Standardization (When?)

Hi,

In this blog they’ve mentioned that we should use standardization only when data is normally distributed
https://towardsdatascience.com/why-not-mse-as-a-loss-function-for-logistic-regression-589816b5e03c. I think it is wrong, as standardization actually changes the data distribution to normal. And as standardization changes the data distribution (to normal) unlike normalization so we should use standardization when the data distribution isn’t important for training. Which one seems correct?

Pls help! Thanks in advance.

1 Like

Hi ,

As far as i understood , Standardization is usually performed for scaling data and as per central limit theory no matter what your data distribution is if consider sample size which is greater than 30 and repeatedly perform the experiment it will become close to normal distribution. With this we should only be worrying only when to do standardization irrespective of distribution of data .

Standardization should be done when you are dealing with math such as linear regression and logistic regression , ANN but for decision trees and Random forest we do not require standardization as they are working as many if and else conditions.

1 Like

Standardization does not change the data distribution to normal.

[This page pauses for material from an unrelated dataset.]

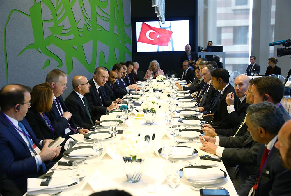 Cumhurbaşkanı Recep Tayyip Erdoğan, Londra'da küresel piyasalara yön veren 18 trilyon doları yöneten dev yatırımcılarla bir araya geldi. Bloomberg merkezindeki yuvarlak masa toplantısına aralarında Citigroup, Credit Suisse, Deutsche Bank, Goldman Sachs, JP Morgan, Morgan Stanley, Rabobank, BlackRock International, Bluebay Asset Management, Fidelity International'ın da olduğu 25 firma ve fonu temsil eden üst düzey yönetici katıldı. Yemekli toplantıda Başbakan Yardımcısı Mehmet Şimşek, Ekonomi Bakanı Nihat Zeybekci ve Yatırım Ajansı Başkanı Arda Ermut da hazır bulundu.

It is just a method to reshape the range of values, so that it could be easier to find the deviation of the data points from the mean i.e. how many standard deviations is the data away from the mean.

Standardization is applied on a normally distributed data to give a standard normally distributed data. The original data followed the normal distribution with mean(mu) and standard deviation(sigma),irrespective of fact that standardization is used later or not.

Hence, there should not be any perceived notion like data distribution is not important then standardization should be applied etc.